Il apparaît primordial que la Caisse des dépôts et consignations puisse soutenir l'opérateur sur une longue durée afin que le logement ne soit pas financé uniquement par le budget d'investissement de la collectivité.
Le contrat de développement et de transformation, qui fait suite au contrat de projet, introduit une quote-part prise en charge par l'État. La fiche technique de ce contrat, validé récemment par l'Assemblée de Polynésie française, semble complète et synthétique dans sa partie traitant de la politique de logement. Elle apporte notamment des éléments nécessaires à la bonne compréhension des enjeux actuels sur lesquels nous pourrions insister dans notre rapport.
Par ailleurs, le sujet plus général du rapport à l'autonomie mérite d'être étudié. Le droit à la différenciation est évoqué par beaucoup de nos collectivités territoriales. Il a du sens dans les territoires d'outre-mer en raison de leur éloignement, de leurs caractéristiques géographiques distinctes, de leur histoire et de leur culture.
Les Polynésiens ont obtenu ce droit à la différenciation au travers d'un statut d'autonomie. Ce droit ne saurait néanmoins évoluer vers une déresponsabilisation.
Il me semble en effet que la lutte contre l'habitat indigne mérite d'être davantage soutenue par le budget de l'État, même si le principe de subsidiarité prévoit que les Polynésiens assument le maximum de responsabilités. L'État doit intervenir aux côtés de ces citoyens français qui ont actuellement un besoin criant de logement.

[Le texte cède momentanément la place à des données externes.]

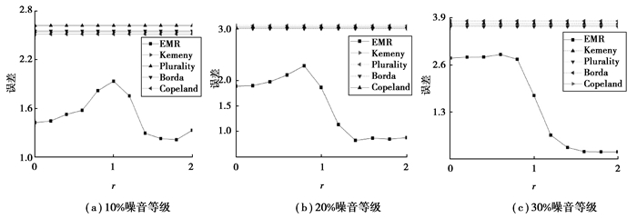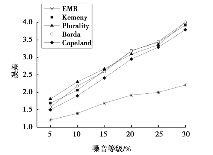 图 2表示在10%、20%、30%的带噪数据集下的实验结果。实验中Kemeny、Plurality、Borda,Copeland 4种对比方法的结果并不会随着误差上限t的取值不同而变化,图中结果与真相之间的误差是一条没有波动的横线。可以看出,在不同的噪音等级下,EMR方法的结果随着误差上限t取值的变化而变化。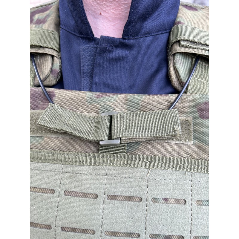 Внутри панелей плиты фиксируются утягивающими полосами на липучке. С внутренней стороны пришиты липучки для установки КАП. На внешней стороне есть стропы MOLLE на которые возможно закрепить различные подсумки, сумки гидратора, небольшие рюкзаки.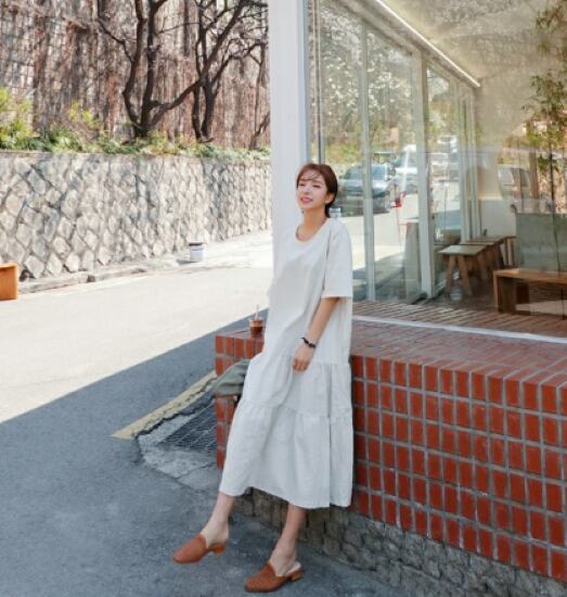 半袖ワンピース レディース ワンピース ロングワンピース ラウンドネック ロング丈 リネンワンピース シンプル 無地 Aライン ティアードワンピース フェミニン ゆったり カジュアル お出かけ 女性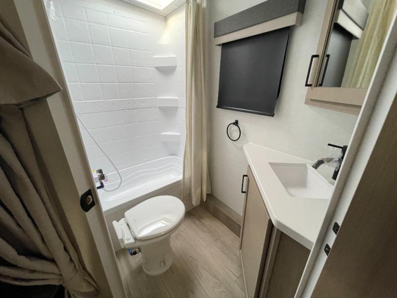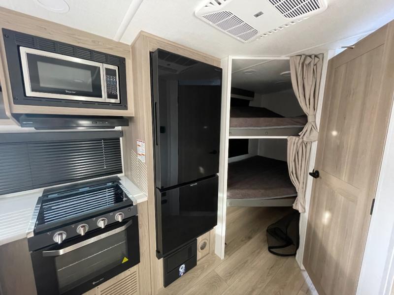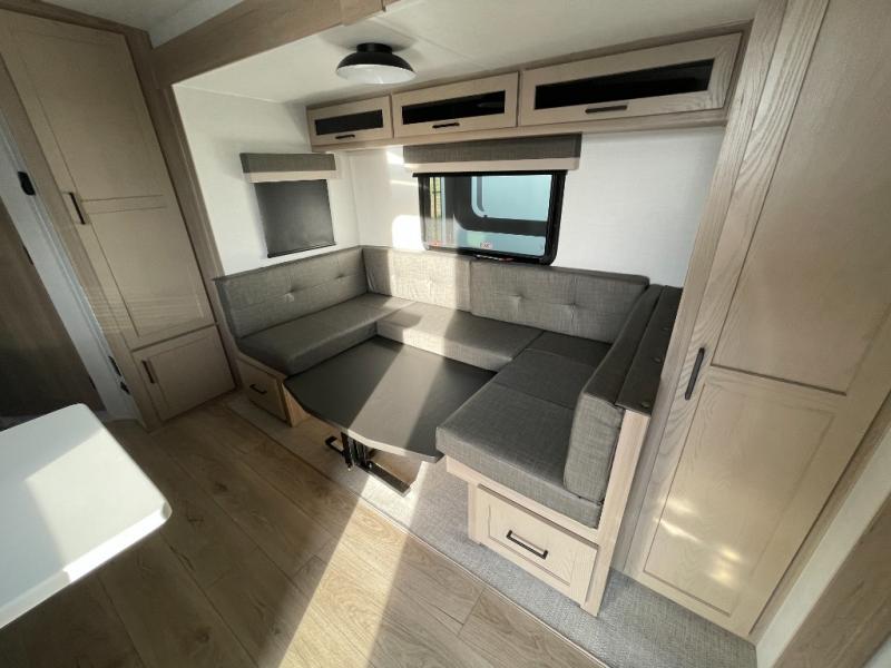 Finally, a lightweight travel trailer with double-size bunks for the kids or your guests! You'll find the versatile Murphy bed up front will be super convenient when you need more space to move around, and the 72" sofa will provide comfy seating space when the bed is put up. This model also includes a U-shaped dinette slide perfect to dine around, play games, and sleep additional guests. A 32" TV in the main living area will allow you to watch your favorite shows in the evenings, or you may just find yourselves outdoors under the 18' power awning with LED lights. And check out the pass-through storage, plus additional exterior storage for your hiking gear!

Au-delà des emprunts à solliciter auprès de la Caisse des dépôts et consignations dans le cadre de la mission outre-mer du projet de loi de finances et malgré l'autonomie institutionnelle de la Polynésie, nous pourrions consacrer davantage de moyens pour aider directement au rétablissement de la dignité par le logement de citoyens français.
Je souhaite enfin souligner l'enjeu technique de la création de cet habitat. L'habitat collectif apparaît relativement peu développé, car le Polynésien est particulièrement attaché à sa terre.
La politique du gouvernement, qui consiste à permettre aux familles de conserver un lien ancestral avec le foncier - posséder une maison, cultiver sa terre, est coûteuse et contrainte.
La Polynésie française a développé des fare (maisons sur pilotis sur terre) aux normes anticycloniques qui ont résisté à de nombreux vents forts. Elle fait figure de modèle en matière de construction, car elle a envoyé des kits chez ses voisins du Pacifique lorsqu'ils ont subi des épisodes cycloniques.
L'État pourrait notamment soutenir la construction et le déploiement dans la région Pacifique de ces kits simples à monter et contribuerait ainsi au rayonnement d'un savoir-faire polynésien et français dans les îles du Pacifique et encouragerait ainsi les entrepreneurs locaux.
Nous faisons notre maximum pour atteindre les objectifs visant à faire vivre dignement nos familles. Je remercie la Délégation sénatoriale aux outre-mer de s'intéresser aussi au logement en Polynésie française, et de ne pas considérer la barrière statutaire comme un obstacle.